Entries supplied:
::::
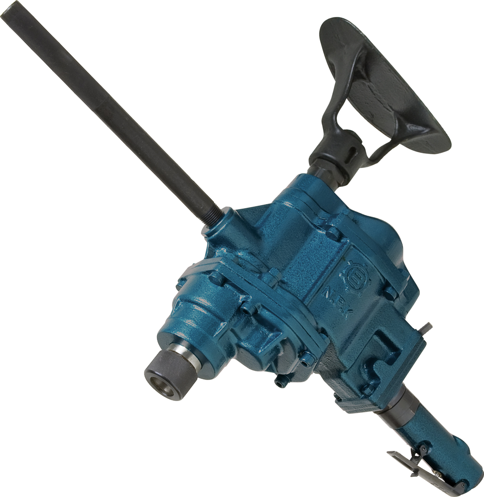 Heavy-Duty 1" Drilling Capacity 3MT Reversible Drill. Equipped with safety lever throttle, feed screw and dead handle. Ideal for production work as they have absolutely smooth operation for accurate drilling, reaming, tapping and nutrunning. They possess the lugging power to keep their speed when under load. Their power and efficiency make them ideal tools for use in railroad shops, shipyards, tool rooms and all types of construction work. Features ball bearing support for long life. - 3/8" air inlet thread requiring avg air consumption of 50 cfm - Recommended hose size of 1/2" - Built-in lubricator - Spindle protection nut (2M and 3M spindles only) - 3 hp - 4" feed length
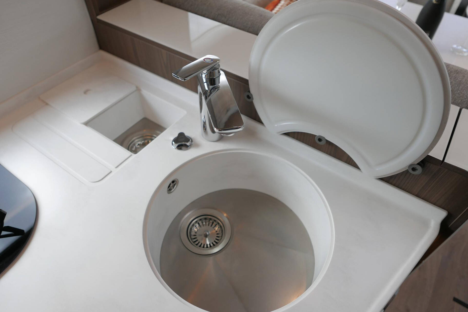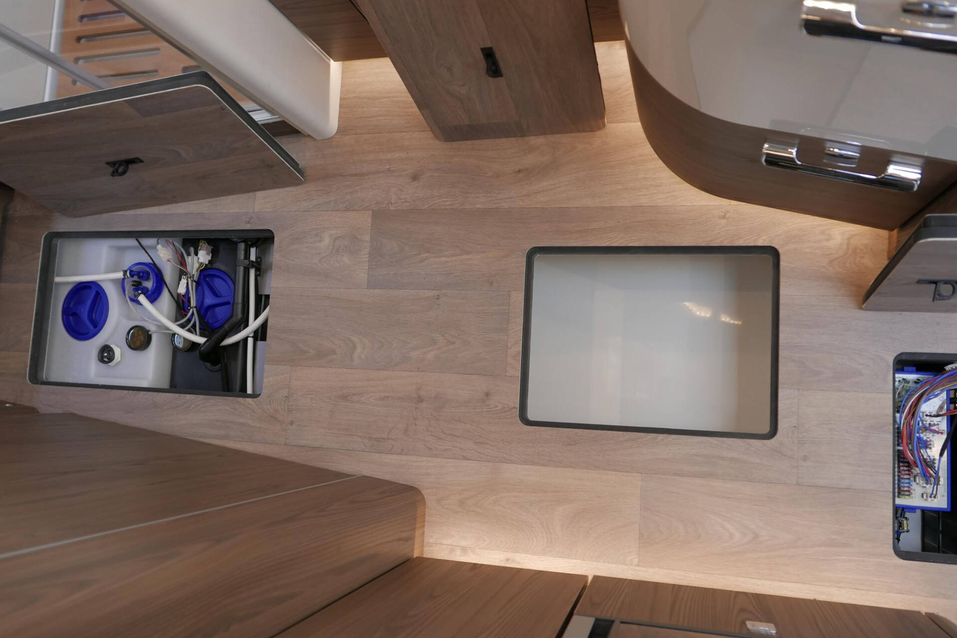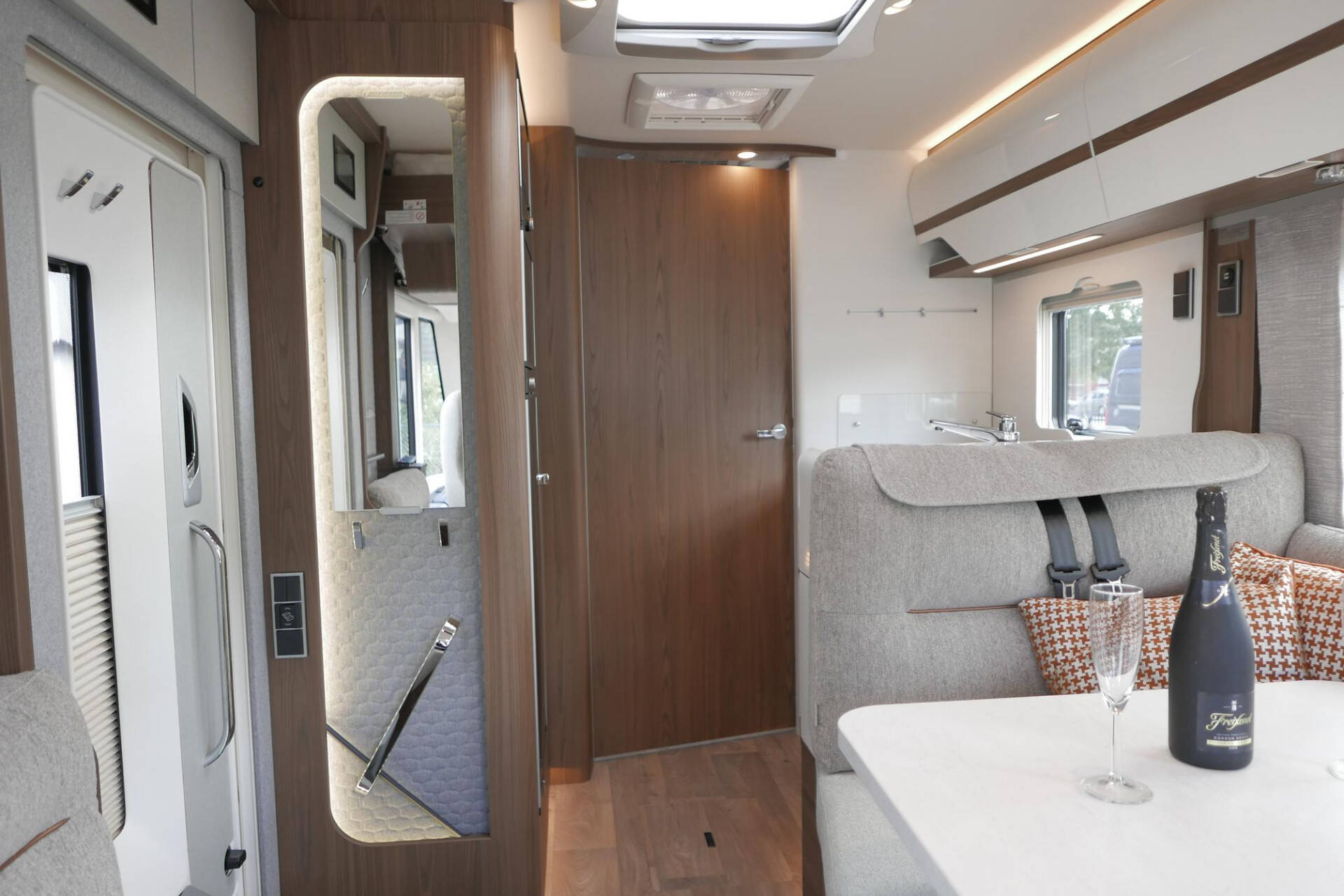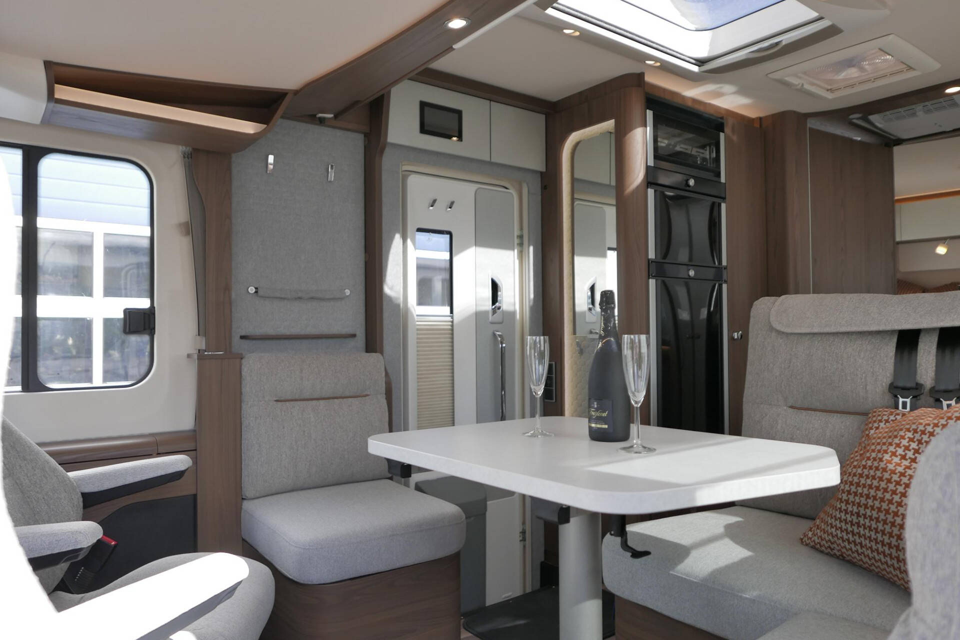 Door de voorstoelen te draaien ontstaat een royale zithoek met L-zit met een 360° draaibare en verstelbare tafel. Het Velvet Ash meubeldecor in combinatie met de Phoenix bekleding zorgen een chique uitstraling. Door het AL-KO chassis beschikt deze camper over een vlakke vloer met in de mee verwarmde dubbele bodem extra opbergruimte die zowel van binnenuit als van buitenaf te bereiken is. Ook de 180 liter schoon- 150 liter vuilwatertank bevinden zich in de dubbele bodem. Natuurlijk zijn alle ramen de toegangsdeur voorzien van horren en plisséverduistering.
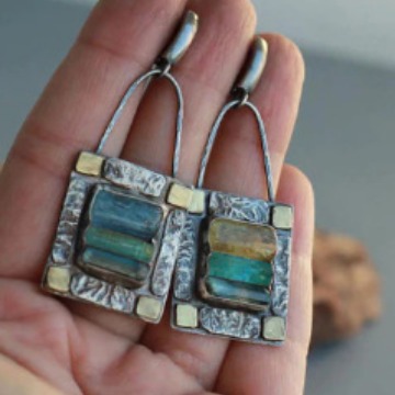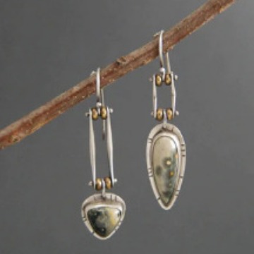 国境を越えた新型の熱売復古創意半円民族風瑠璃滴ゴム合金イヤリングファッション通勤耳飾り
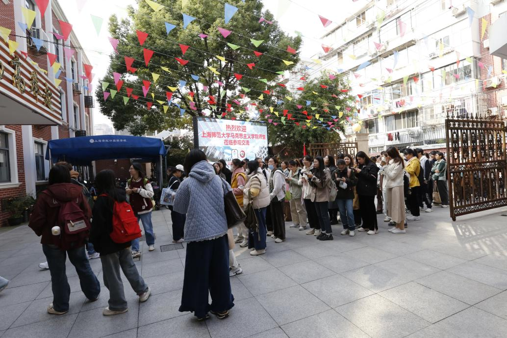 11月21日下午,在学院党委副书记、副院长万瑾、副院长周治华的带领下,思想政治教育专业2024级本科生、退役军人学院联合培养生共约80人走进虹口实验学校中学部,共同见证学院与虹口实验学校共建教育实践基地签约仪式并开展沉浸式“行走的大思政课”。此次“行走的大思政课”作为“习近平总书记关于教育重要论述研究”课程的现场教学内容,由虹口实验学校校长孙光政主讲。学院办公室主任姚承志、思想政治教育专业负责人杨茜茜、虹口实验学校党委书记倪永旭、副校长邬明敏、副校长王霆、校办主任夏菱全程参与此次活动。
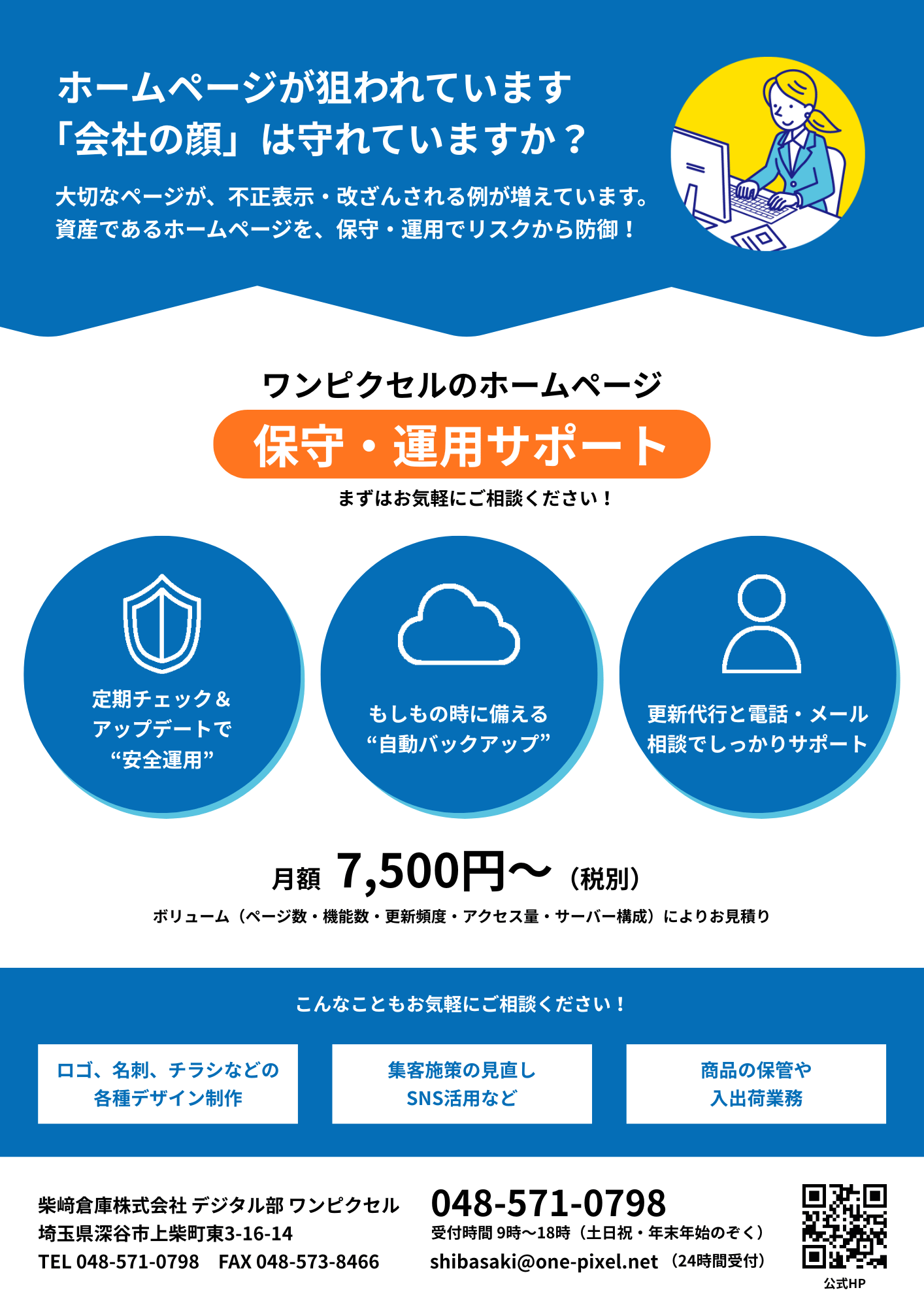 ワンピクセルでは、こうしたトラブルから大切な資産であるホームページを守るため、継続的な保守・運用サポートをご用意しています。
::::
What to work on:
Copy out the data above to the letter, and keep every picture out of it.

Result for this exercise:
 Heavy-Duty 1" Drilling Capacity 3MT Reversible Drill. Equipped with safety lever throttle, feed screw and dead handle. Ideal for production work as they have absolutely smooth operation for accurate drilling, reaming, tapping and nutrunning. They possess the lugging power to keep their speed when under load. Their power and efficiency make them ideal tools for use in railroad shops, shipyards, tool rooms and all types of construction work. Features ball bearing support for long life. - 3/8" air inlet thread requiring avg air consumption of 50 cfm - Recommended hose size of 1/2" - Built-in lubricator - Spindle protection nut (2M and 3M spindles only) - 3 hp - 4" feed length
 Door de voorstoelen te draaien ontstaat een royale zithoek met L-zit met een 360° draaibare en verstelbare tafel. Het Velvet Ash meubeldecor in combinatie met de Phoenix bekleding zorgen een chique uitstraling. Door het AL-KO chassis beschikt deze camper over een vlakke vloer met in de mee verwarmde dubbele bodem extra opbergruimte die zowel van binnenuit als van buitenaf te bereiken is. Ook de 180 liter schoon- 150 liter vuilwatertank bevinden zich in de dubbele bodem. Natuurlijk zijn alle ramen de toegangsdeur voorzien van horren en plisséverduistering.
 国境を越えた新型の熱売復古創意半円民族風瑠璃滴ゴム合金イヤリングファッション通勤耳飾り
 11月21日下午,在学院党委副书记、副院长万瑾、副院长周治华的带领下,思想政治教育专业2024级本科生、退役军人学院联合培养生共约80人走进虹口实验学校中学部,共同见证学院与虹口实验学校共建教育实践基地签约仪式并开展沉浸式“行走的大思政课”。此次“行走的大思政课”作为“习近平总书记关于教育重要论述研究”课程的现场教学内容,由虹口实验学校校长孙光政主讲。学院办公室主任姚承志、思想政治教育专业负责人杨茜茜、虹口实验学校党委书记倪永旭、副校长邬明敏、副校长王霆、校办主任夏菱全程参与此次活动。
 ワンピクセルでは、こうしたトラブルから大切な資産であるホームページを守るため、継続的な保守・運用サポートをご用意しています。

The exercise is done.